5.2.      Naar het oordeel van het college mist het eerste klachtonderdeel, dat aan de orde stelt dat verweerder zonder diagnose te stellen of onderzoek te verrichten klager onder dwang medicatie heeft laten slikken, feitelijke grondslag. Nog afgezien van het feit dat dwangmedicatie niet mogelijk is gedurende een ambulante behandeling, is wel degelijk een diagnose gesteld (ook door een collega van verweerder) en door verweerder, namelijk een psychotische stoornis en onderzoek verricht (onder andere in opdracht van de OvJ). Verweerder heeft op 23 mei 2014 voor de eerste keer met klager over de diagnose gesproken en opnieuw op 17 maart 2015. Dat klager zich niet kan vinden in de gestelde diagnose, maakt dat niet anders. Het eerste klachtonderzoek is ongegrond.

5.3.      Ook het tweede klachtonderdeel, dat het verwijt behelst dat verweerder ten onrechte heeft gedreigd met (dwang-)opname indien klager niet zou voldoen aan de voorwaarde van het innemen van de medicatie, is ongegrond. Verweerder erkent dat hij klager zowel mondeling als schriftelijk heeft gewezen op het naleven van de in de rechterlijke machtiging opgenomen voorwaarden. Hoewel het (herhaald) wijzen op het naleven van de voorwaarden voor klager kan hebben gevoeld als een dreigement, valt het gedrag van verweerder naar het oordeel van het college te beschouwen als ‘drang’. Dat verweerder gedreigd zou hebben met opname en daarmee ‘dwang’ zou hebben uitgeoefend, kan het college niet vaststellen. Met het toepassen van drang is verweerder gebleven binnen de grenzen van een redelijk bekwame beroepsuitoefening. Wellicht ten overvloede merkt het college op dat het geen aanwijzingen heeft dat klager niet lege artis is behandeld. Wat betreft de voorgeschreven aripiprazol onderschrijft het college het standpunt van veweerder dat het toegelaten medicatie betreft, dat aan strenge voorwaarden moet voldoen en daarmee de veiligheid gegarandeerd is. Bovendien heeft klager nagelaten zijn stelling dat de voorgeschreven aripiprazol schadelijk kan zijn feitelijk te onderbouwen. Het tweede klachtonderdeel is derhalve ongegrond.

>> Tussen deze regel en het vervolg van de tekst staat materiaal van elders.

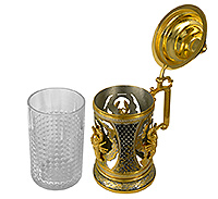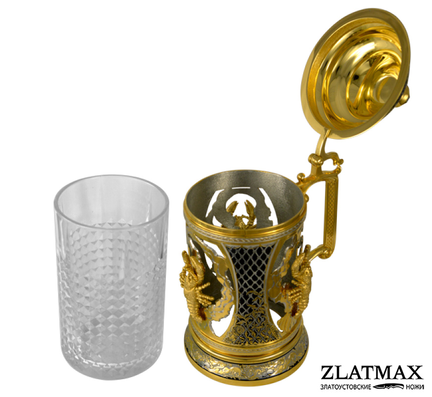 Изделие выполнено в традиционной технике Златоустовской гравюры на металле. Кружка изготовлена из латуни. Корпус кружки цилиндрический, имеет три просечных картуша и декорирован тремя литыми раками. Крышка куполообразная, объёмная, фигурная. Рукоять литая из латуни. Пивной бокал изготовлен из хрусталя.

5.4.      Ten aanzien van het derde klachtonderdeel, inhoudende dat verweerder op grond van valse informatie een rechterlijke machtiging heeft aangevraagd, oordeelt het college als volgt. In het tuchtrecht gaat het om persoonlijke verwijtbaarheid van de beroepsbeoefenaar bij het door een klager klachtwaardig geachte handelen. Verweerder was als psychiater bij het FACT-team bij klager betrokken. Een geneeskundige verklaring ten behoeve van het aanvragen van een rechterlijke machtiging dient door een onafhankelijk psychiater te worden opgesteld en kan niet door een behandelaar zijn opgesteld. Het derde klachtonderdeel ziet dan ook niet op verweerder, maar een andere psychiater, en dient daarom niet-ontvankelijk te worden verklaard.

5.5.      De conclusie van het voorgaande is dat de klacht voor wat betreft het eerste en het tweede klachtonderdeel kennelijk ongegrond is en het derde klachtonderdeel niet-ontvankelijk is. Verweerder kan met betrekking tot de klacht geen verwijt als bedoeld in artikel 47 lid 1 van de Wet op de beroepen in de individuele gezondheidszorg worden gemaakt.

6. De beslissing

Het college verklaart het eerste en het tweede klachtonderdeel kennelijk ongegrond en het derde klachtonderdeel niet-ontvankelijk.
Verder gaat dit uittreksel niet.